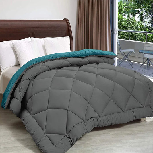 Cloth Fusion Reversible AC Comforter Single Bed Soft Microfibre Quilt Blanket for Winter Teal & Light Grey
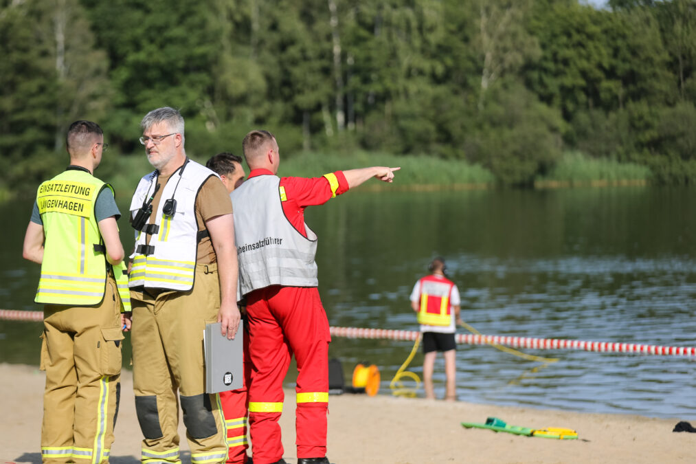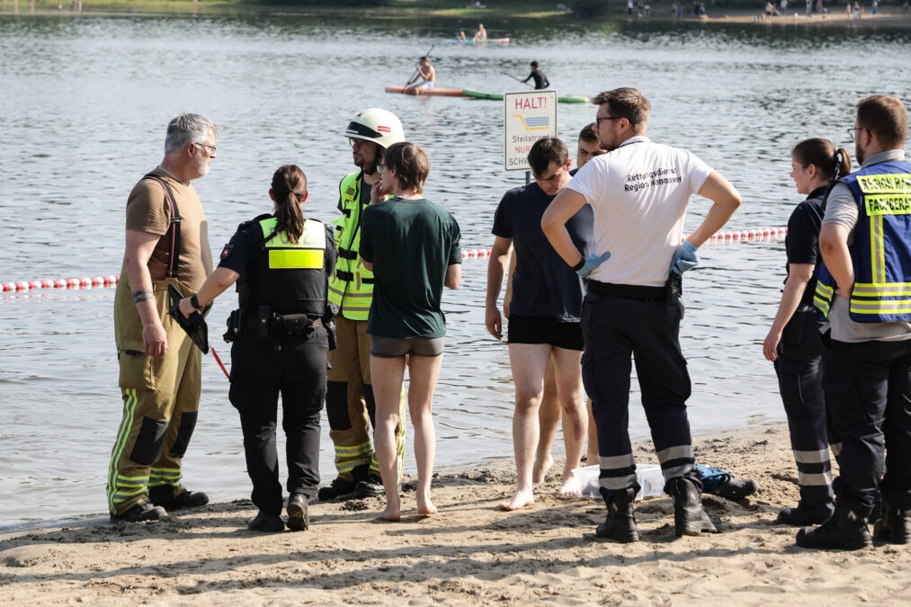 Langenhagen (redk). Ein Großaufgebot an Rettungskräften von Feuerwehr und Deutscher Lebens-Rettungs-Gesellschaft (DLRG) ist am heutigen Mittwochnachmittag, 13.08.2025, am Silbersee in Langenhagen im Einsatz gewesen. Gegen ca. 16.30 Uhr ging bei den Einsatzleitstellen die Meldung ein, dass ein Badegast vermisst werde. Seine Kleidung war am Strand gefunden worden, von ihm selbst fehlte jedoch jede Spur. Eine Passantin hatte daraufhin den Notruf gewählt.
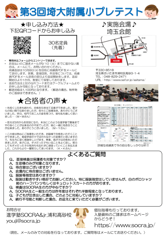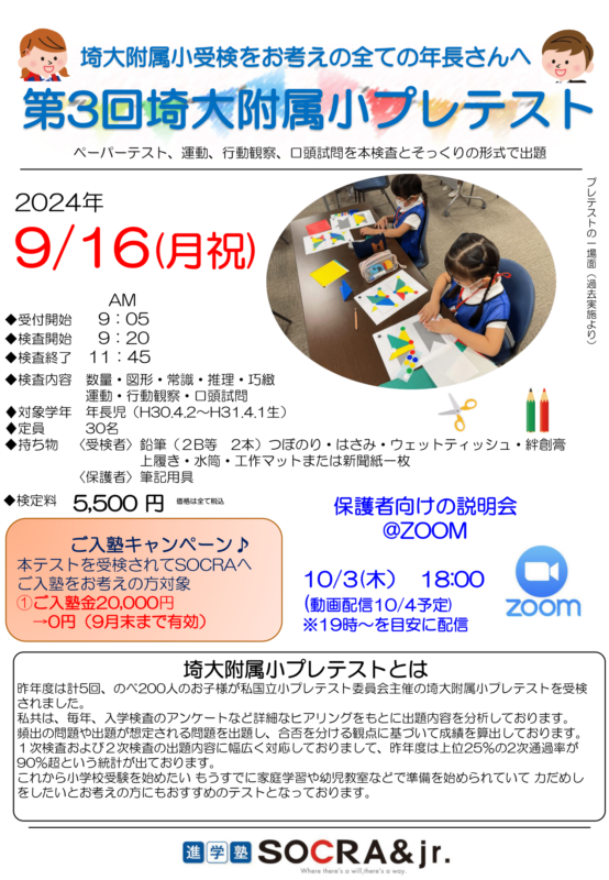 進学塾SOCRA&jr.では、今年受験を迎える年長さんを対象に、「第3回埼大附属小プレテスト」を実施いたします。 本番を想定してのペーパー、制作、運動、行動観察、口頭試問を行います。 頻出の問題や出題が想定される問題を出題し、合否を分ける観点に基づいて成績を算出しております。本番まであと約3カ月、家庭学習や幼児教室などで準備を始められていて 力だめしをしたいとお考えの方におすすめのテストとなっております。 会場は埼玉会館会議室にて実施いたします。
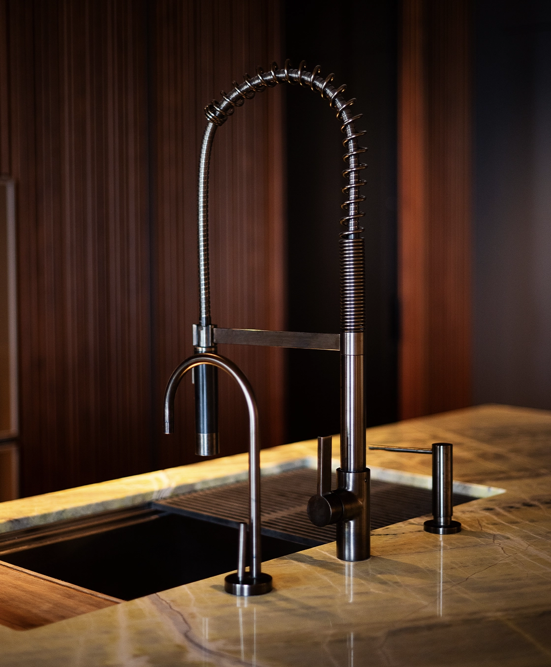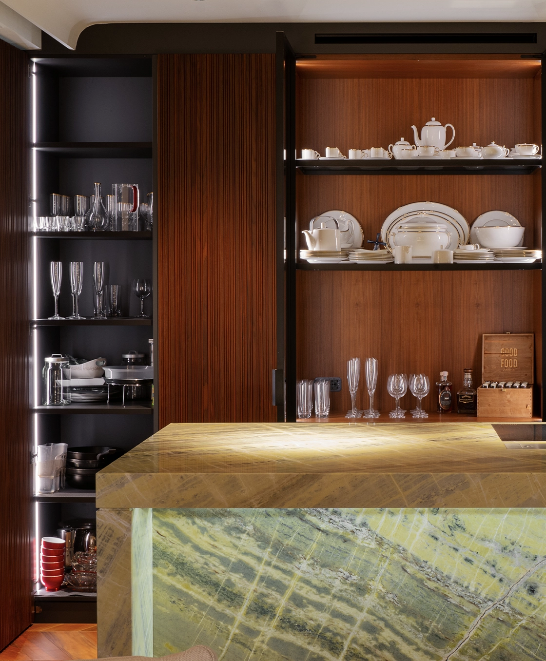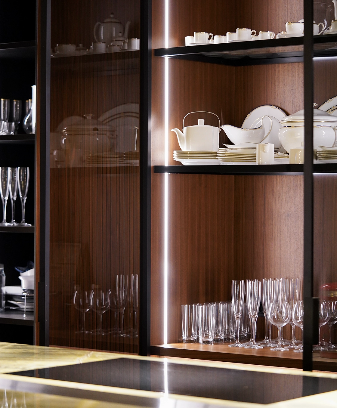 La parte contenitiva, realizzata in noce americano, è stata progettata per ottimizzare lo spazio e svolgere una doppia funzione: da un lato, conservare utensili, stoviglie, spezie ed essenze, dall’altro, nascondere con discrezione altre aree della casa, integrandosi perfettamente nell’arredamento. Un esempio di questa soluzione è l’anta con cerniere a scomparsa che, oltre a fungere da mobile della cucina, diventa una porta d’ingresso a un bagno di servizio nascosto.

______

Leave out the pictures; repeat the data exactly.

* **Answer section**:
 Cloth Fusion Reversible AC Comforter Single Bed Soft Microfibre Quilt Blanket for Winter Teal & Light Grey
 Langenhagen (redk). Ein Großaufgebot an Rettungskräften von Feuerwehr und Deutscher Lebens-Rettungs-Gesellschaft (DLRG) ist am heutigen Mittwochnachmittag, 13.08.2025, am Silbersee in Langenhagen im Einsatz gewesen. Gegen ca. 16.30 Uhr ging bei den Einsatzleitstellen die Meldung ein, dass ein Badegast vermisst werde. Seine Kleidung war am Strand gefunden worden, von ihm selbst fehlte jedoch jede Spur. Eine Passantin hatte daraufhin den Notruf gewählt.
 進学塾SOCRA&jr.では、今年受験を迎える年長さんを対象に、「第3回埼大附属小プレテスト」を実施いたします。 本番を想定してのペーパー、制作、運動、行動観察、口頭試問を行います。 頻出の問題や出題が想定される問題を出題し、合否を分ける観点に基づいて成績を算出しております。本番まであと約3カ月、家庭学習や幼児教室などで準備を始められていて 力だめしをしたいとお考えの方におすすめのテストとなっております。 会場は埼玉会館会議室にて実施いたします。
 La parte contenitiva, realizzata in noce americano, è stata progettata per ottimizzare lo spazio e svolgere una doppia funzione: da un lato, conservare utensili, stoviglie, spezie ed essenze, dall’altro, nascondere con discrezione altre aree della casa, integrandosi perfettamente nell’arredamento. Un esempio di questa soluzione è l’anta con cerniere a scomparsa che, oltre a fungere da mobile della cucina, diventa una porta d’ingresso a un bagno di servizio nascosto.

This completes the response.